Korean and Vietnamese food seesm to be the quickest but there is not much difference between the cuisines in averall.

Question 13: The company wants to provide a promotional offer in the advertisement of the restaurants. The condition to get the offer is that the restaurants must have a rating count of more than 50 and the average rating should be greater than 4. Find the restaurants fulfilling the criteria to get the promotional offer. [1.5 marks]¶

In [ ]:
# Convert 'rating' column to numeric values
df['rating_numeric'] = pd.to_numeric(df['rating'], errors='coerce')

# Filter the data based on the criteria
promotional_restaurants = df.groupby('restaurant_name').filter(lambda x: len(x) > 50 and x['rating_numeric'].mean() > 4)
promotional_restaurants
In [ ]:
# Create a pivot table with restaurant name, average of 'rating_numeric', and count of 'order_id'
pivot_table = pd.pivot_table(df, values=['rating_numeric', 'order_id'], 
                             index='restaurant_name', 
                             aggfunc={'rating_numeric': 'mean', 
                                      'order_id': 'count'})
pivot_table
Out[ ]:
order_id rating_numeric
restaurant_name
'wichcraft 1 5.000000
12 Chairs 4 4.500000
5 Napkin Burger 5 4.000000
67 Burger 1 5.000000
Alidoro 1 NaN
... ... ...
Zero Otto Nove 2 4.000000
brgr 2 3.000000
da Umberto 3 5.000000
ilili Restaurant 18 4.153846
indikitch 4 4.500000

178 rows × 2 columns

In [ ]:
# Filter the pivot table based on the criteria of count of orders > 50 and average rating > 4
filtered_pivot_table = pivot_table[(pivot_table['order_id'] > 50) & (pivot_table['rating_numeric'] > 4)]

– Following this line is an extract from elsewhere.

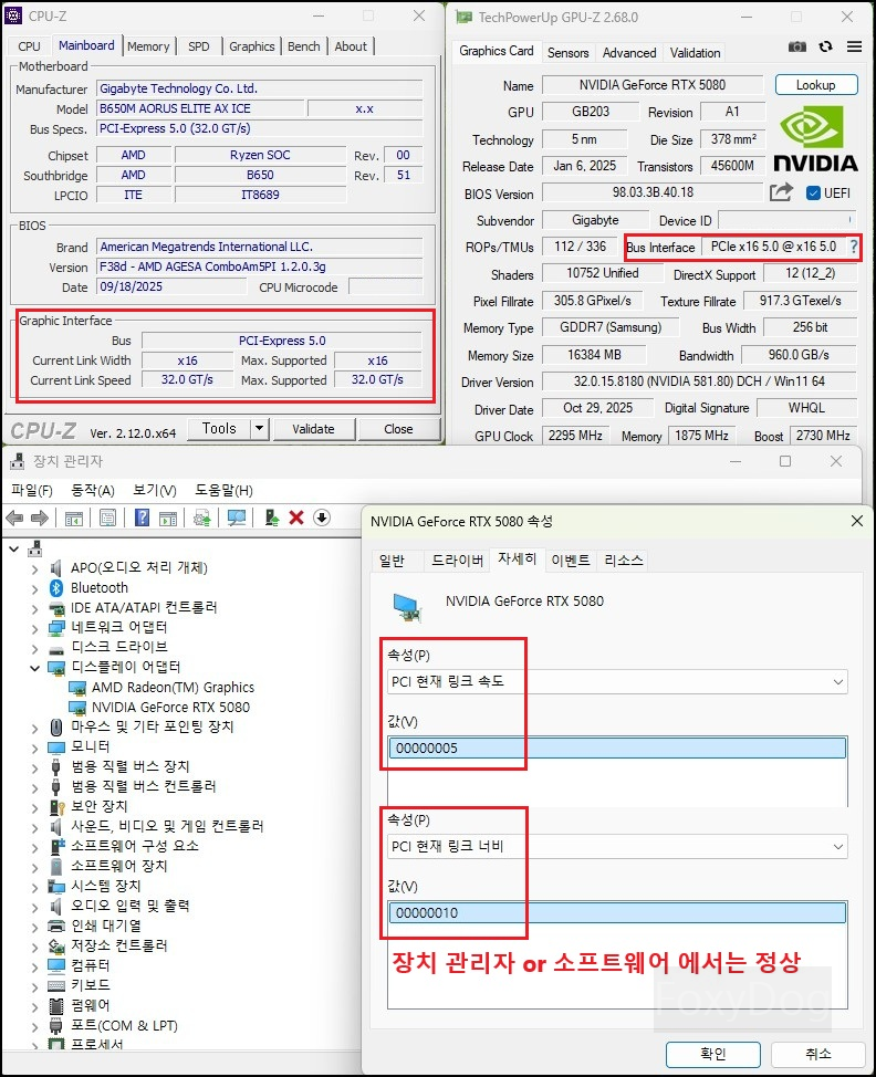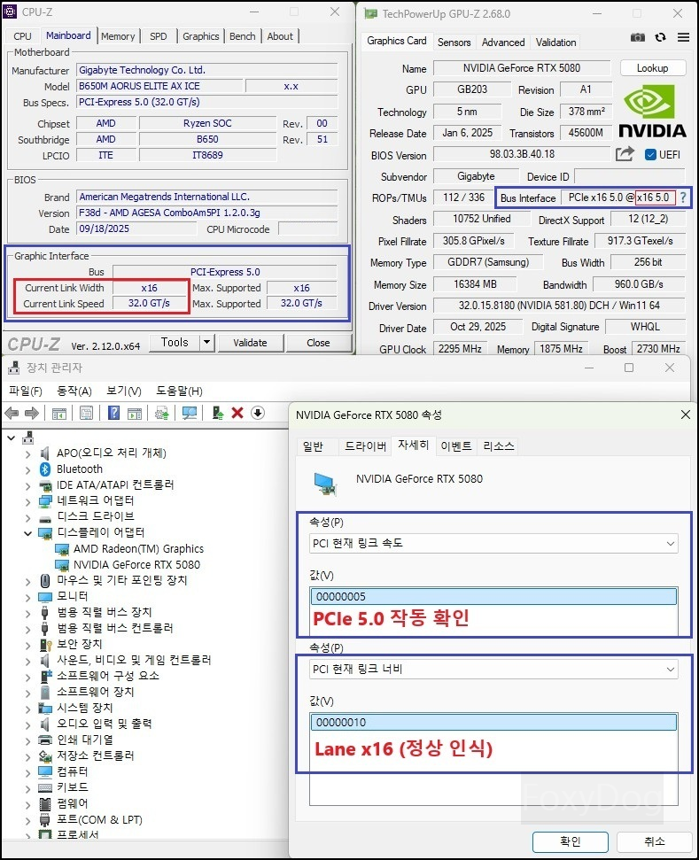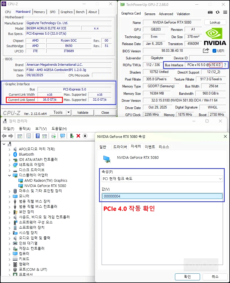 제가 사용하는 구성은 메인보드는 GIGABYTE B650M AORUS ELITE AX ICE(PCIe 4.0), 라이저 케이블은 HYTE Luxury Riser Cable(PCIe 4.0)이며, 그래픽카드만 GIGABYTE RTX 5080 AERO OC SFF(PCIe 5.0) 지원입니다. 즉, 시스템 구성상 PCIe 5.0이 나올 수 없는 환경임에도 5.0으로 표기되고 있어, 실제로 어떻게 동작하고 있는지 직접 확인과 테스트를 진행해 보기로 했습니다.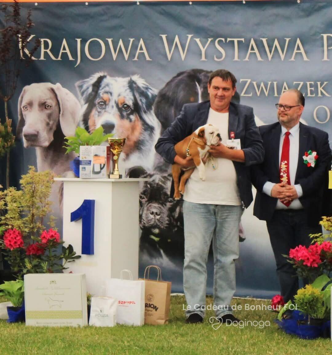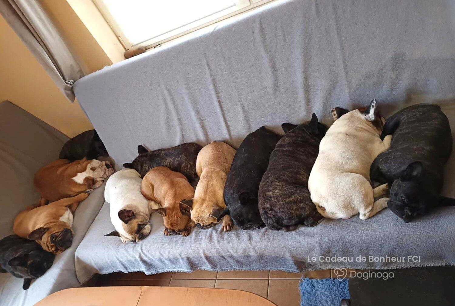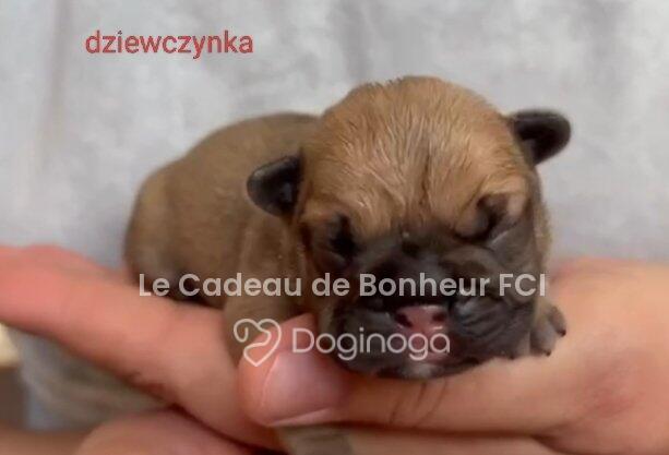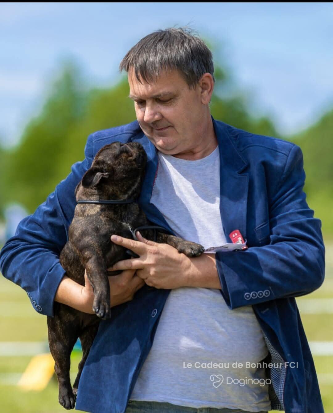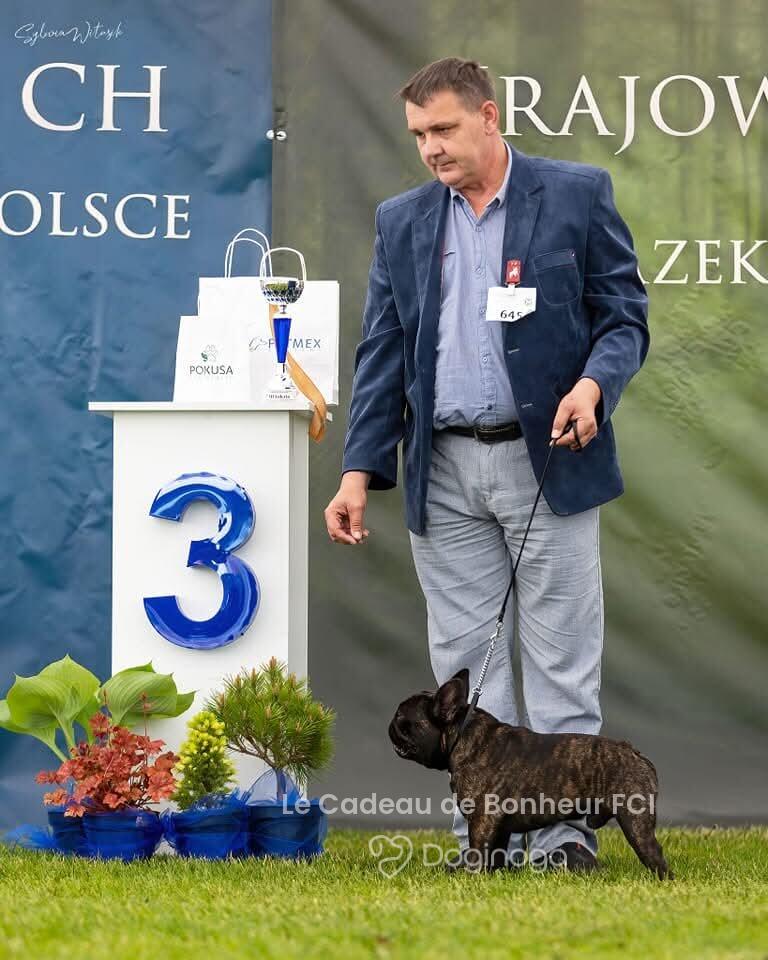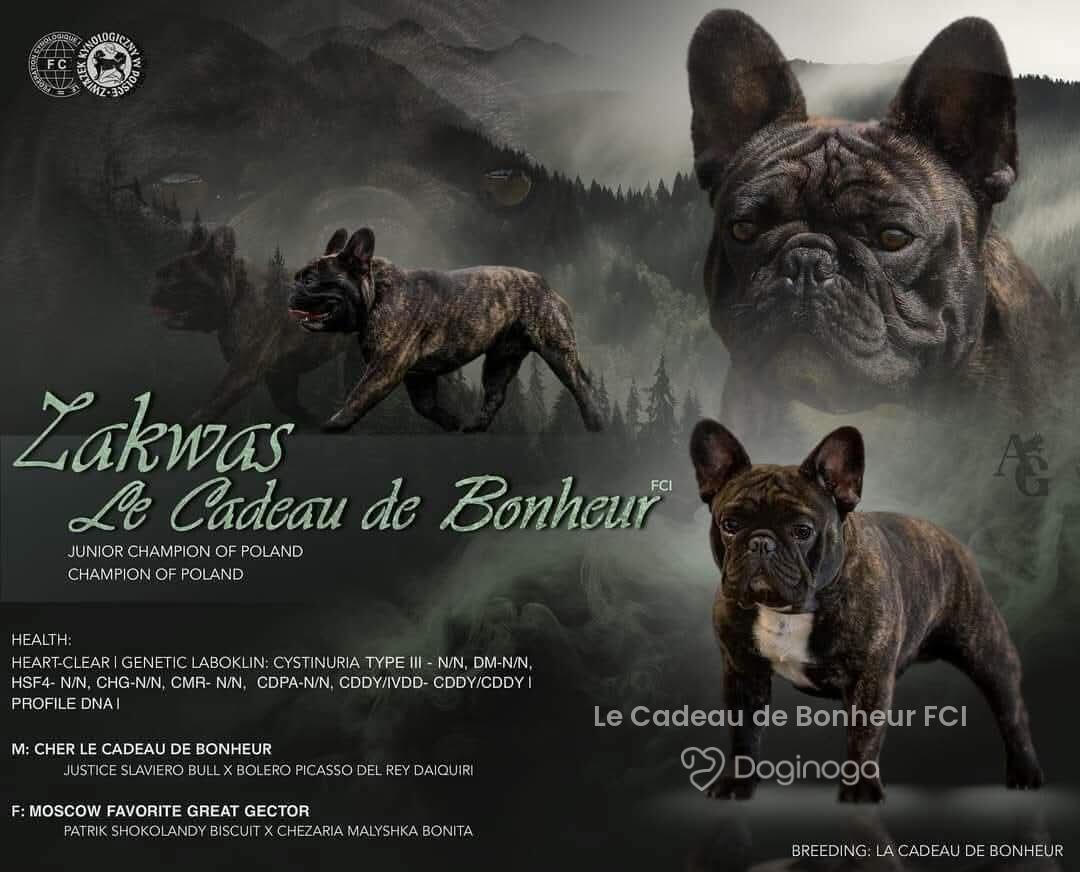 Witamy! 😁 Jesteśmy małżeństwem z 35-letnim stażem i – o dziwo – wciąż się sobą nie nudzimy 😁 Psy kochaliśmy od zawsze. I ja, i mój mąż, i nasz dorosły już syn. Nawet w zamierzchłych czasach mój mąż, jak widać, skutecznie podrywał mnie „na swojego pieska” 😉 Naszą psią miłością są buldogi francuskie. No, nie ma cudowniejszych istotek na świecie. Po prostu nie ma. I tak, 17 lat temu trafiły do naszego domu dwa buldogi z adopcji. Pierwszy to 7-miesięczny nieszczęśnik z pseudohodowli. Wyrwany przez fundację z okropnych warunków – z olbrzymią blizną na głowie, chudziutki, wystraszony, z chorym serduszkiem. Przyrzekliśmy mu, że już nigdy nie będzie musiał się bać i nigdy nie będzie miał pustego brzuszka. Dostał imię Cado – od Le Cadeau de Bonheur („Podarunek Szczęścia”), bo naprawdę był naszym szczęściem. Druga była Coco. Dziewczynka została odnaleziona w torbie, pod ubraniami (prawie uduszona), przy wejściu na prom do Szwecji. Zgodnie z prawem psy z przemytu są usypiane. Ale fundacja walczyła – i Cocosi się udało. Nie zabili jej. Po długiej kwarantannie została naszym drugim szczęściem. Cado był bardzo chory, ale wiedzieliśmy, na co się piszemy. Byliśmy z nim do jego ostatnich chwil… i to właśnie na jego cześć powstała nasza hodowla. Nasza pierwsza hodowlana sunieczka trafiła do nas w 2010 roku. To Lady z Leśnego Potoku FCI, zwana Dusinką, a później Babką Dusinką. Dusinka w zdrowiu przeżyła z nami 12 lat. A od 15 lat takim samym szczęściem są dla nas szczenięta, sukcesy wystawowe, jak i nasi psi weterani ❤️ Kochamy nasze psy – dzielą z nami dom, nasze łóżka i nasze serca. Są naszymi „dzieciakami”, ale szanujemy to, że są psami. Nie karmimy ich łyżeczką, nie stroimy w kokardki – ale staramy się, żeby były szczęśliwymi psami. Dbamy też o to, by były zdrowe. Nasze dzieciaki przechodzą badania serca, badania genetyczne i okresowe kontrole. Wbrew powszechnej opinii o rasie – przez te 15 lat nie zauważyliśmy, by buldogi francuskie były bardziej (lub mniej) chorowite niż inne psy. Każdemu, kto chce kupić nasze szczenięta, powtarzamy, że w pakiecie dostaje całą naszą rodzinę – i właśnie dzięki temu zyskaliśmy tak wielu prawdziwych przyjaciół, na dobre i na złe. I my, i nasze psy kochamy jeździć na wystawy. Nieskromnie przyznajemy się też do wielu sukcesów – zarówno na wystawach krajowych, jak i zagranicznych, również tych rangi światowej. Rok temu do naszej ekipy francuzów dołączył buldog angielski – nasza nowa miłość ❤️ która idealnie zazębia się z tą pierwszą – do francuzów. Pozdrawiamy, Kasia i Marcin

# Print the filtered pivot table
print(filtered_pivot_table)
                           order_id  rating_numeric
restaurant_name                                    
Blue Ribbon Fried Chicken        96        4.328125
Blue Ribbon Sushi               119        4.219178
Parm                             68        4.128205
RedFarm Broadway                 59        4.243902
RedFarm Hudson                   55        4.176471
Shake Shack                     219        4.278195
The Meatball Shop               132        4.511905

Observations:¶

There are 7 restaurants fitting to the criteria given:

  • Blue Ribbon Fried Chicken
  • Blue Ribbon Sushi
  • Parm
  • RedFarm Broadway
  • RedFarm Hudson
  • Shake Shack
  • The Meatball Shop

Question 14: The company charges the restaurant 25% on the orders having cost greater than 20 dollars and 15% on the orders having cost greater than 5 dollars. Find the net revenue generated by the company across all orders. [1.5 marks]¶

In [ ]:
# Calculate the revenue for each order
df['revenue'] = 0

# Apply the charging percentages
df.loc[df['cost_of_the_order'] > 20, 'revenue'] = df['cost_of_the_order'] * 0.25
df.loc[(df['cost_of_the_order'] > 5) & (df['cost_of_the_order'] <= 20), 'revenue'] = df['cost_of_the_order'] * 0.15

# Calculate the net revenue across all orders
net_revenue = df['revenue'].sum()

# Print the net revenue
print("Net Revenue: $", net_revenue)
Net Revenue: $ 6166.303

Observations:¶

Company's net revenue across all the orders: $ 6166.303

Question 15: The company wants to analyze the total time required to deliver the food. What percentage of orders take more than 60 minutes to get delivered from the time the order is placed? (The food has to be prepared and then delivered.) [1 marks]¶

In [ ]:
# Calculate the total time required for each order (food preparation time + delivery time)
df['total_time'] = df['food_preparation_time'] + df['delivery_time']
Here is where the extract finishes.